The main challenge was not calculating the percentage, but **parsing multi-line data**:
- **Logic:** I learned to treat the file reading as a "State Machine". Using a dictionary to store `current_label` as the key and concatenating lines into the value was a great exercise in algorithmic thinking.
- **Edge Cases:** I realized the importance of initializing the `best_gc` variable to `-1` instead of `0`. In a research context, a sequence could theoretically have 0% GC content (e.g., Poly-A tail), so `-1` is a safer boundary condition.

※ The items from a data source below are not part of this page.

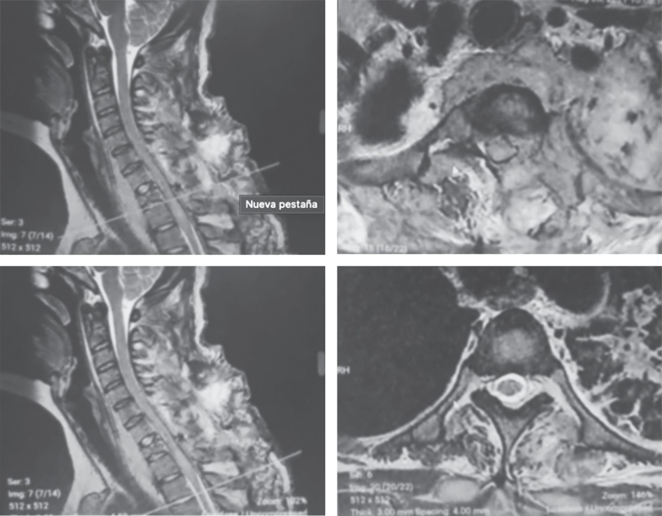 - 3. RMN de columna cervicotorácica: se observa osteólisis del cuerpo de T1, colección peridural de C6-T2, las cuales lateralizan el saco dural y médula hacia la derecha, además de generar compresión radicular bilateral y múltiples colecciones paravertebrales (Figura 2).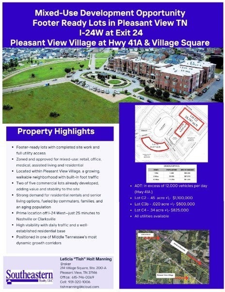 Footer-ready mixed-use lots in the heart of Pleasant View Village, a thriving, master-planned community perfectly positioned between Nashville and Clarksville off I-24 West at Exit 24. With site work completed and utilities in place, these parcels are ready for immediate vertical construction—ideal for investors and developers looking to fast-track their next income-generating project. Located in a well-established area, two of the five commercial lots have already been developed, adding value and stability to the site. The remaining lots offer a rare opportunity to build commercial storefronts with offices and residential rentals above, assisted living within a walkable, village-style setting. ADT: in excess of 12,000 vehicles per day (Hwy 41A)
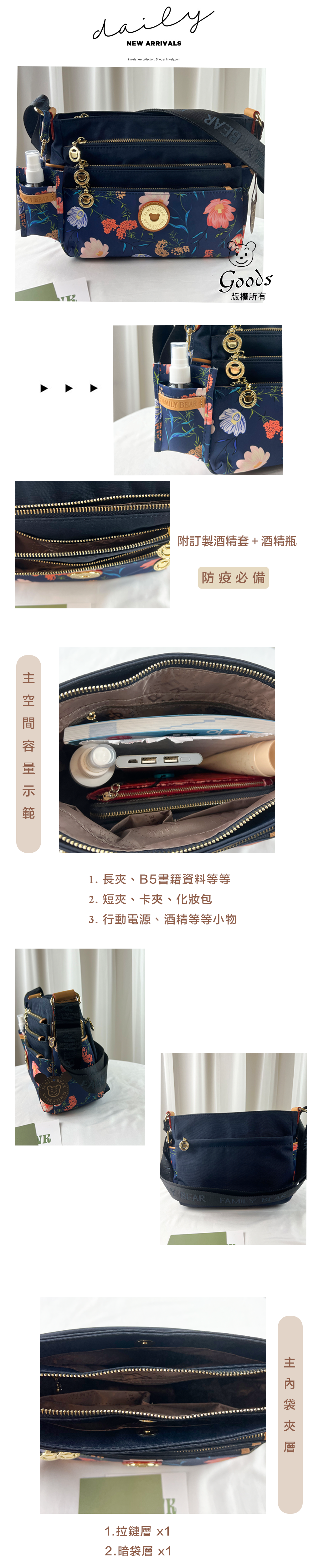 FamilyBear 藍橙花拼色防潑水側背包 附酒精保護套+酒精瓶 #2502

### 2. From "Manual" to "Industrial" (Biopython)
I implemented two solutions:
1.  **Native Python:** Manually parsing strings using `dict` and loops. This taught me how `for` loops and variable scope work (and how to debug `IndentationError`!).
2.  **Biopython:** Using `SeqIO.parse`. This was an eye-opener. It reduced 20 lines of manual logic into 3 lines of robust code.
    *   *Key Takeaway:* While libraries like Biopython are powerful, writing the manual parser first gave me the confidence to understand **what the library is actually doing under the hood**.

### 3. Debugging Journey
As a beginner, I encountered several errors (e.g., `TypeError: object of type 'int' has no len()`). Fixing these taught me to pay attention to data types—distinguishing between the **count** (an integer) and the **sequence** (a string).

**Next Step:** I am now ready to handle real-world sequence files, not just sample strings!